Sunday, 16 May
1999
Sun, 16 May
'99
7:30 p.m.
I think the concat change deserves an entry in the FAQ and maybe in
PROBLEMS. I would add two questions, like this:
Q: When using some Lisp code, I often get an error that looks like
this:
Wrong type argument: sequencep, 10
What happened? The file used to work nicely before XEmacs 21?
A: It is quite possible that the code is trying to convert an integer
to a string using `concat', e.g. (concat "foo-" 10) as of XEmacs 21
produces the above error.
Fortunately, the fix is easy. Find the place where the program
bugs out (e.g. by setting `debug-on-error' to t) and slap a
`number-to-string' around the number.
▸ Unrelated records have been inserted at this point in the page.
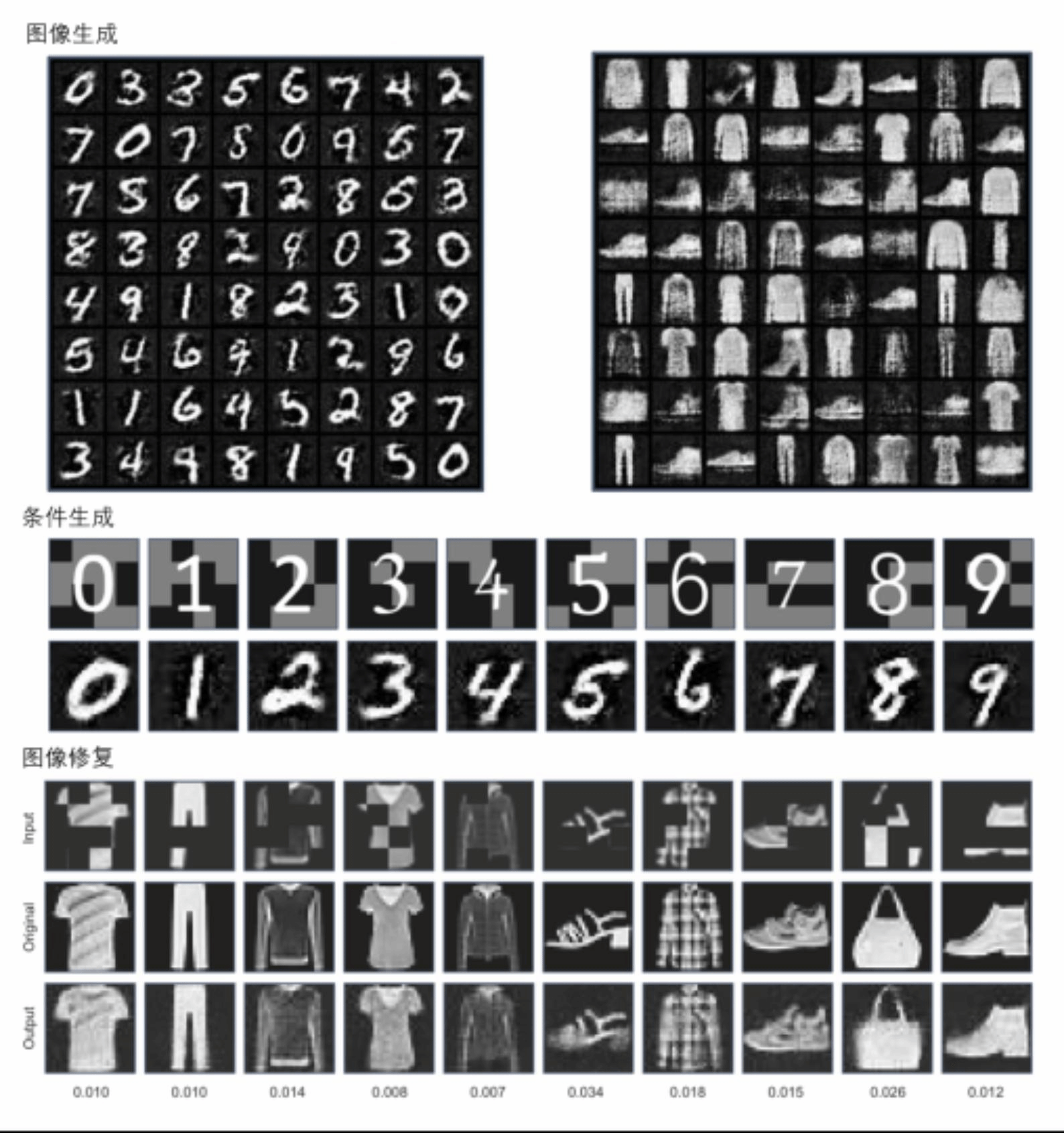 图像生成:可高效合成手写数字、服装等复杂图像;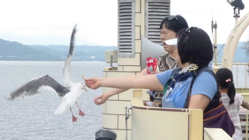 ![]() 次の観光船はお客さんも多くなり混んできました。 |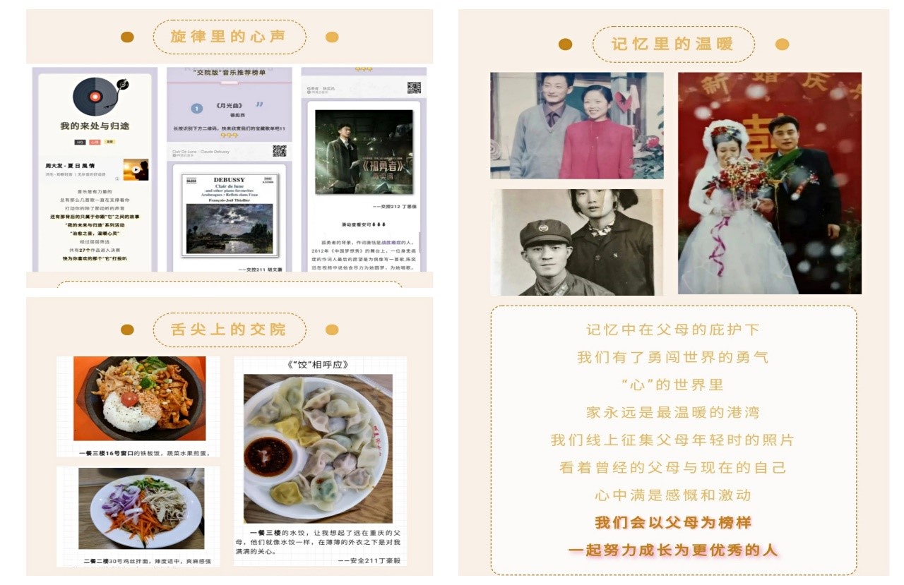 忆成长:美好永驻“心”世界。学院以“心向阳光”心理协会为抓手,以“雯雯的话”公众号为平台,坚持线上线下融合互动,线上推出“舌尖上的交院”“记忆里的温暖”“旋律中的心声”等主题活动,引导学生要懂得感恩、善于发现、珍惜美好;线下开展“打开心灵的围墙——我与我的对话”活动,引导学生打开心扉、悦纳自我。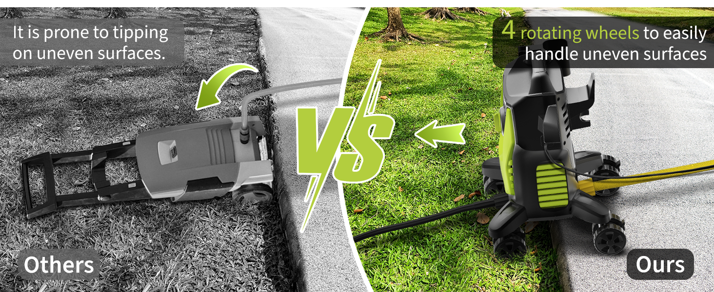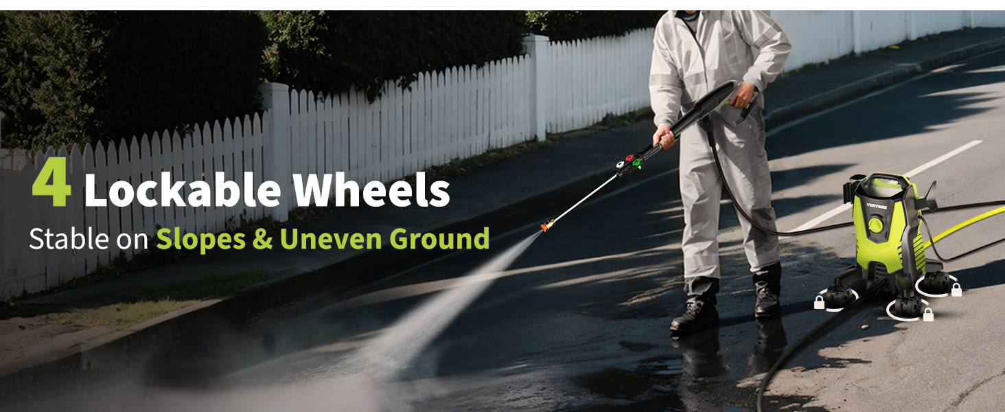 - 【Anti-Tipping & Lockable Wheels】Designed for maximum stability and smooth maneuverability, this electric power washer features four 360° rotating wheels for effortless movement on any surface. Each wheel is equipped with a locking caster, ensuring secure placement even on slopes.

The correct code should look
like this:
(concat "foo-" (number-to-string number))
Or:
(format "foo-%d" number)
Q: But why have you made this change? It breaks a lot of old code for
no good reason!
A: Two reasons: purity and consistency.
The purity argument is that `concat' is supposed to take a bunch of
sequences, and produce a string out of their elements. For
instance (concat "one" '(?t ?w ?o) [?t ?h ?r ?e ?e]) will return
"onetwothree". A number is definitely not a sequence and allowing
it as an argument to `concat' was only due to supposed convenience
to the programmer. Given that it's trivial to use
`number-to-string', the gain seems very dubious.
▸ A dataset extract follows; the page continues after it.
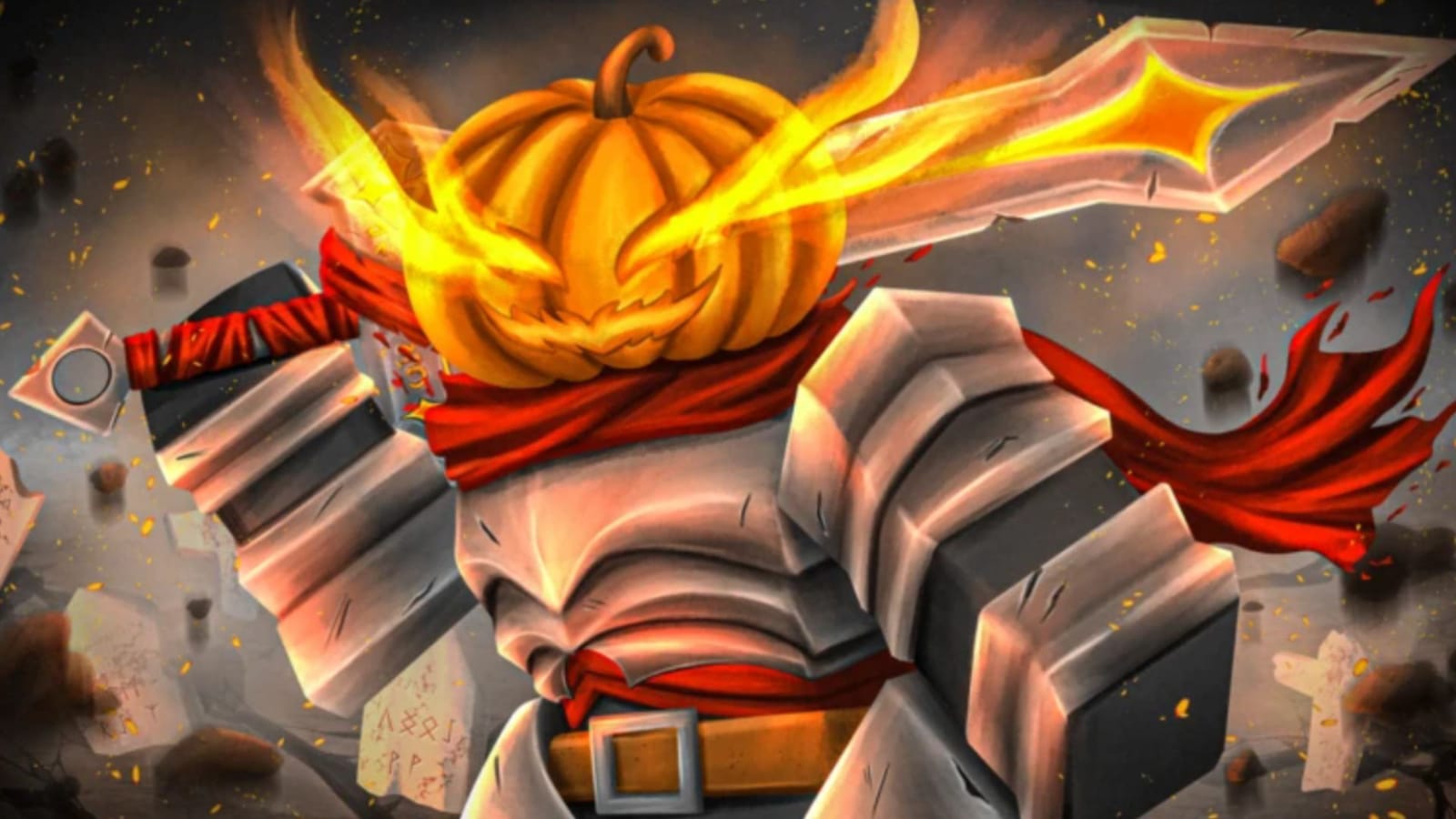 Epic Halloween Image Featuring Pumpkin-Head Warrior with Fiery Sword in ...

The other, more important argument, is about consistency and
principle of the least surprise. If (concat 10 20) returns "1020",
wouldn't you expect (concat 10 ?a) to return "10a"? Well, tough
luck because it never did. In FSF Emacs and in XEmacs 19,
(concat 10 ?a) returns "1097" because they don't distinguish
characters from integers. If we were to treat characters
"logically" in XEmacs 20 by returning "10a", it would still break
old code. Then, how about (concat "foo" 10.0)? Surely it must
return "foo10.0"? Tough luck again! You get the same "Wrong type
argument: sequencep, 10.0" error, in all versions of Emacs. So
converting integers to strings was not a design decision, but an
ugly exception to the rule, exception that carried ugly surprises
along the way.
For these reasons, we decided to go for consistency and suffer the
price.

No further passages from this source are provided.